*** EXERCISE MATERIALS ***

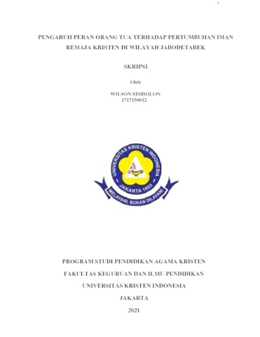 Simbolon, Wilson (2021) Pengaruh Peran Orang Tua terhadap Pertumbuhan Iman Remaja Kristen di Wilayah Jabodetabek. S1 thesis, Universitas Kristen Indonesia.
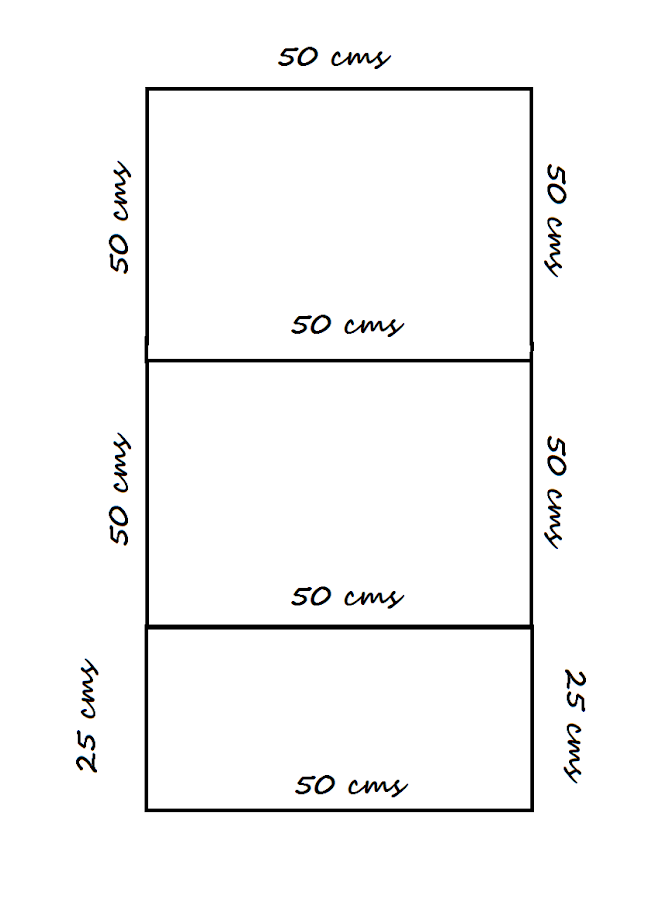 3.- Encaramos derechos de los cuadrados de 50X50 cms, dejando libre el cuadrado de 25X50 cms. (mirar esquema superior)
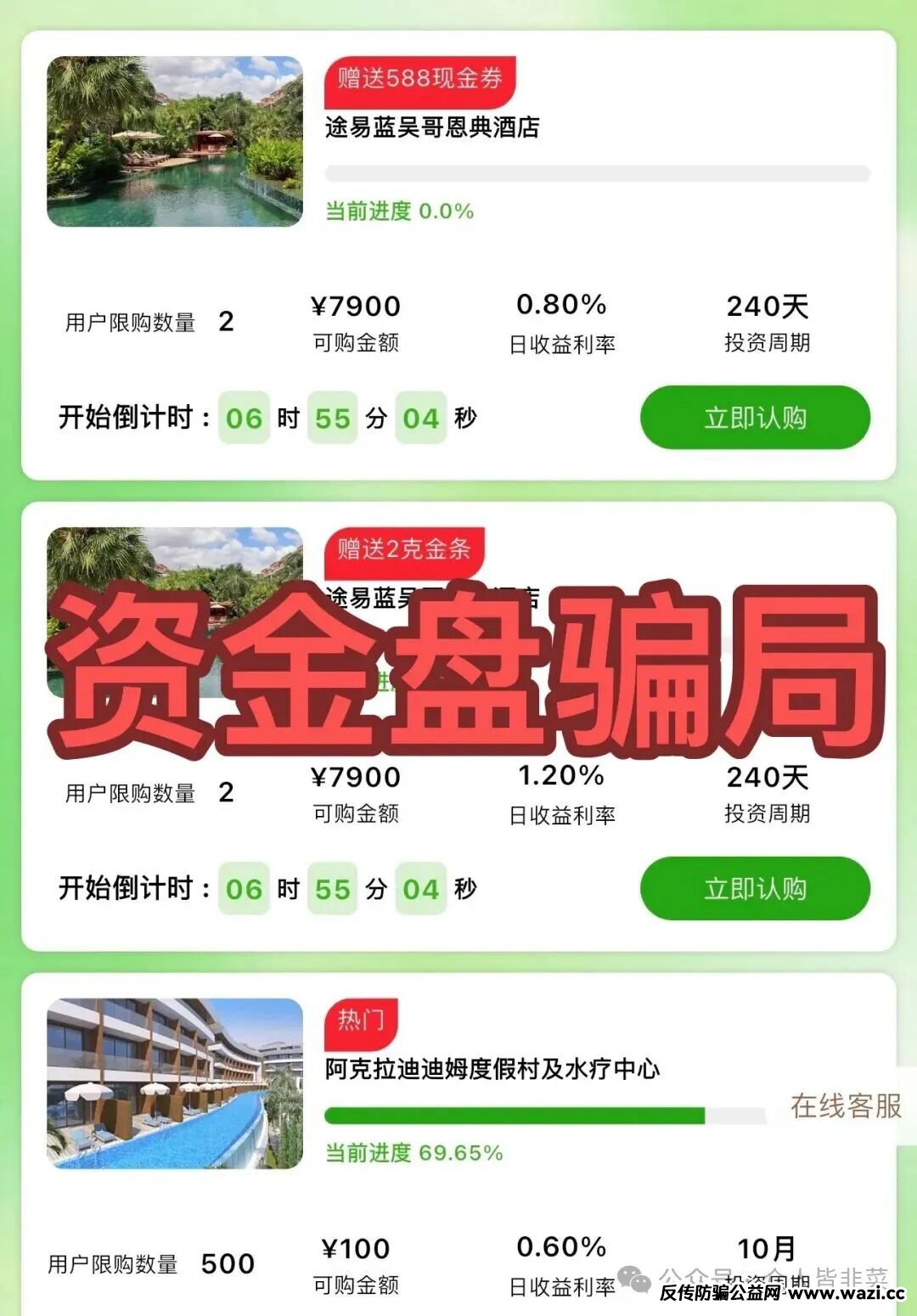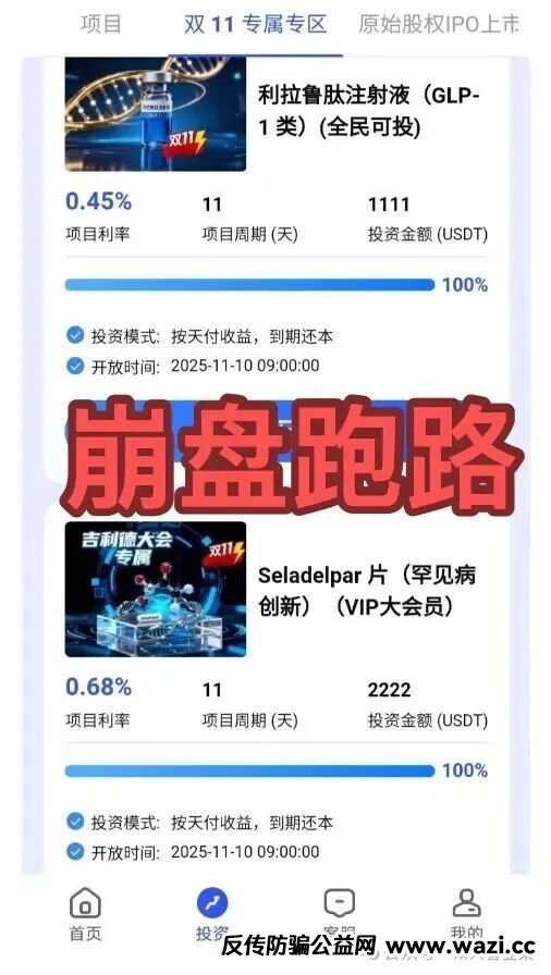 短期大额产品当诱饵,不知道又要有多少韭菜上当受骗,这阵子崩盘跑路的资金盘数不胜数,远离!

*** End of EXERCISE MATERIALS ***
*** EXERCISE MATERIALS ***

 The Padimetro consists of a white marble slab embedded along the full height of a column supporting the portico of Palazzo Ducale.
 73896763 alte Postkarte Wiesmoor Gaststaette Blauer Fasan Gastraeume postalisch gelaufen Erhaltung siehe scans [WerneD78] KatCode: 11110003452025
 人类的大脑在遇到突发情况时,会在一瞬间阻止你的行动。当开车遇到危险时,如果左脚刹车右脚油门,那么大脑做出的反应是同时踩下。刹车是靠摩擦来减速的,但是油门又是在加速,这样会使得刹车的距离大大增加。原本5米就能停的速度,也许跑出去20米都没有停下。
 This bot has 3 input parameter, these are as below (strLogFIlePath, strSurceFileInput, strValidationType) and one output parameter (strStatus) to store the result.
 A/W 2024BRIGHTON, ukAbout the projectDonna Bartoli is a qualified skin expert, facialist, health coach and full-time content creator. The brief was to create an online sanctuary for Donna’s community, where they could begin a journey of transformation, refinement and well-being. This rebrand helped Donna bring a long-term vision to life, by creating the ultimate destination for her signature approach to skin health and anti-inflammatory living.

*** End of EXERCISE MATERIALS ***
*** EXERCISE MATERIALS ***

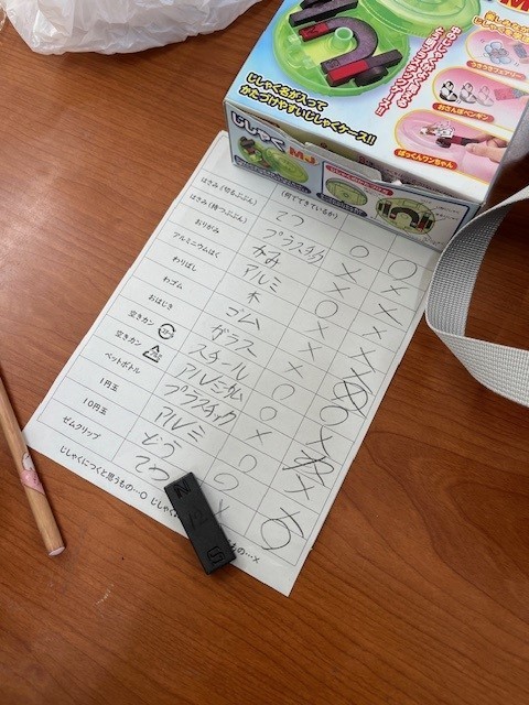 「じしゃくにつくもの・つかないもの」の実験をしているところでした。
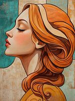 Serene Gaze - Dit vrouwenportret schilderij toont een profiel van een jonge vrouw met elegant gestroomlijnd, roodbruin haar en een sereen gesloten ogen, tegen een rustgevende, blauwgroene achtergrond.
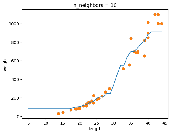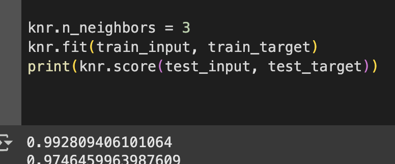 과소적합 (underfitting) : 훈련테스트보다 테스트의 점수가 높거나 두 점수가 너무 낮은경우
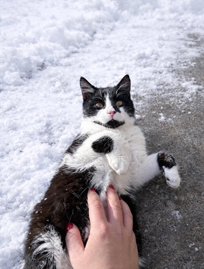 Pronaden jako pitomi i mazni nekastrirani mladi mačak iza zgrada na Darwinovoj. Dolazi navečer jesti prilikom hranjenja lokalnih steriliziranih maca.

*** End of EXERCISE MATERIALS ***

## [EXERCISE DIRECTIONS]
An exact copy of the lines above, from the one containing "73896763 alte Postkarte" down to the one containing "A/W 2024BRIGHTON, ukAbout" and including both, is the whole answer; retype it and nothing else.

## [ANSWER BOX]
 73896763 alte Postkarte Wiesmoor Gaststaette Blauer Fasan Gastraeume postalisch gelaufen Erhaltung siehe scans [WerneD78] KatCode: 11110003452025
 人类的大脑在遇到突发情况时,会在一瞬间阻止你的行动。当开车遇到危险时,如果左脚刹车右脚油门,那么大脑做出的反应是同时踩下。刹车是靠摩擦来减速的,但是油门又是在加速,这样会使得刹车的距离大大增加。原本5米就能停的速度,也许跑出去20米都没有停下。
 This bot has 3 input parameter, these are as below (strLogFIlePath, strSurceFileInput, strValidationType) and one output parameter (strStatus) to store the result.
 A/W 2024BRIGHTON, ukAbout the projectDonna Bartoli is a qualified skin expert, facialist, health coach and full-time content creator. The brief was to create an online sanctuary for Donna’s community, where they could begin a journey of transformation, refinement and well-being. This rebrand helped Donna bring a long-term vision to life, by creating the ultimate destination for her signature approach to skin health and anti-inflammatory living.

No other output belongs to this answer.